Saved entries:

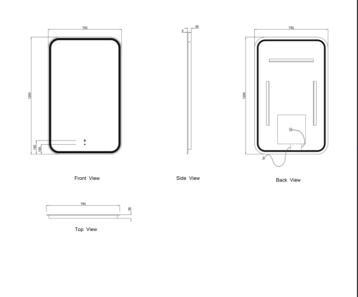 LED Newport 1200(W)x750(H)Mirror - Install Horizontal or Vertical
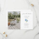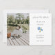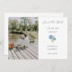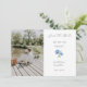 Cette belle carte, oh si chic et minimaliste, mariage blanc "Save The Date" présente une photo de couple, un design hydrangea bleu floral, texte de script de brosse élégant, date et adresse de l'événement, ainsi qu'un ensemble de polices contemporaines. Jeune et tendance, cette carte horizontale donne un ton joyeux.
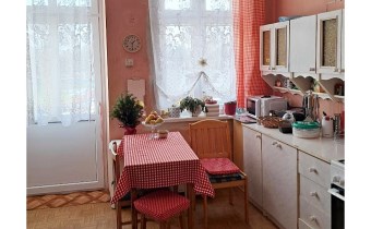 3.Kuchnia- 13,73 m2 okno pcv-balkonowe/balkon od strony podwórka/, ściany tynkowane-malowane, podłoga deska+wykładzina, bojler na ciepłą wodę, kuchenka gazowa;
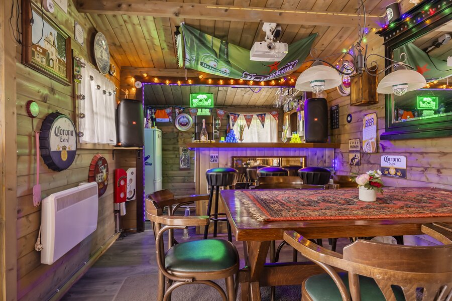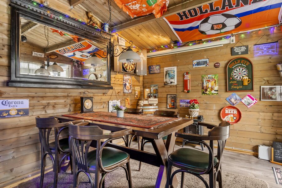 - Vrijstaand houten tuinhuis, ingericht als gezellige mancave
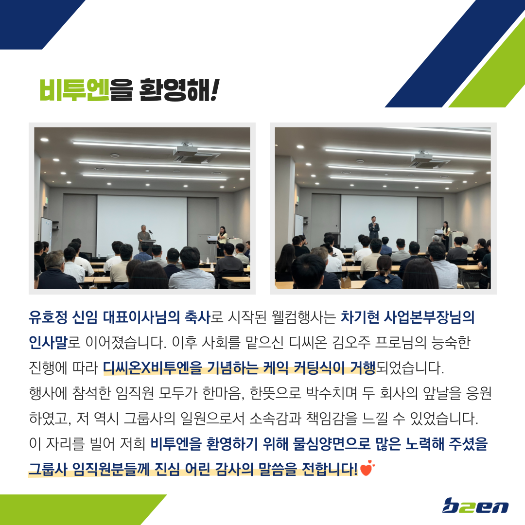 특히 행사에 참석한 전사 임직원 모두가 한마음, 한뜻으로 박수치며 디씨온과 비투엔의 앞날을 응원해 주셔서, 저 역시 그룹사의 일원으로서 소속감과 책임감을 느낄 수 있었습니다!
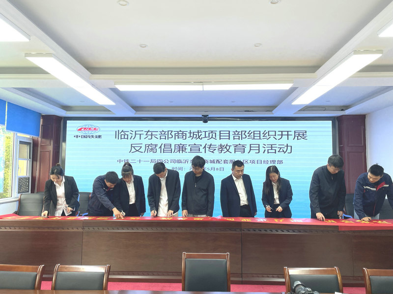 5月8日,中鐵二十一局四公司臨沂東部商城配套服務區(qū)項目舉行反腐倡廉宣傳教育月活動啟動儀式,扎實開展以“強化紀律建設 樹牢規(guī)矩意識 助力企業(yè)高質量發(fā)展”為主題的反腐倡廉宣傳教育月系列活動。

• Exercise brief: No pictures go in the copy. Set down all the data exactly.

• Answer space:
 LED Newport 1200(W)x750(H)Mirror - Install Horizontal or Vertical
 Cette belle carte, oh si chic et minimaliste, mariage blanc "Save The Date" présente une photo de couple, un design hydrangea bleu floral, texte de script de brosse élégant, date et adresse de l'événement, ainsi qu'un ensemble de polices contemporaines. Jeune et tendance, cette carte horizontale donne un ton joyeux.
 3.Kuchnia- 13,73 m2 okno pcv-balkonowe/balkon od strony podwórka/, ściany tynkowane-malowane, podłoga deska+wykładzina, bojler na ciepłą wodę, kuchenka gazowa;
 - Vrijstaand houten tuinhuis, ingericht als gezellige mancave
 특히 행사에 참석한 전사 임직원 모두가 한마음, 한뜻으로 박수치며 디씨온과 비투엔의 앞날을 응원해 주셔서, 저 역시 그룹사의 일원으로서 소속감과 책임감을 느낄 수 있었습니다!
 5月8日,中鐵二十一局四公司臨沂東部商城配套服務區(qū)項目舉行反腐倡廉宣傳教育月活動啟動儀式,扎實開展以“強化紀律建設 樹牢規(guī)矩意識 助力企業(yè)高質量發(fā)展”為主題的反腐倡廉宣傳教育月系列活動。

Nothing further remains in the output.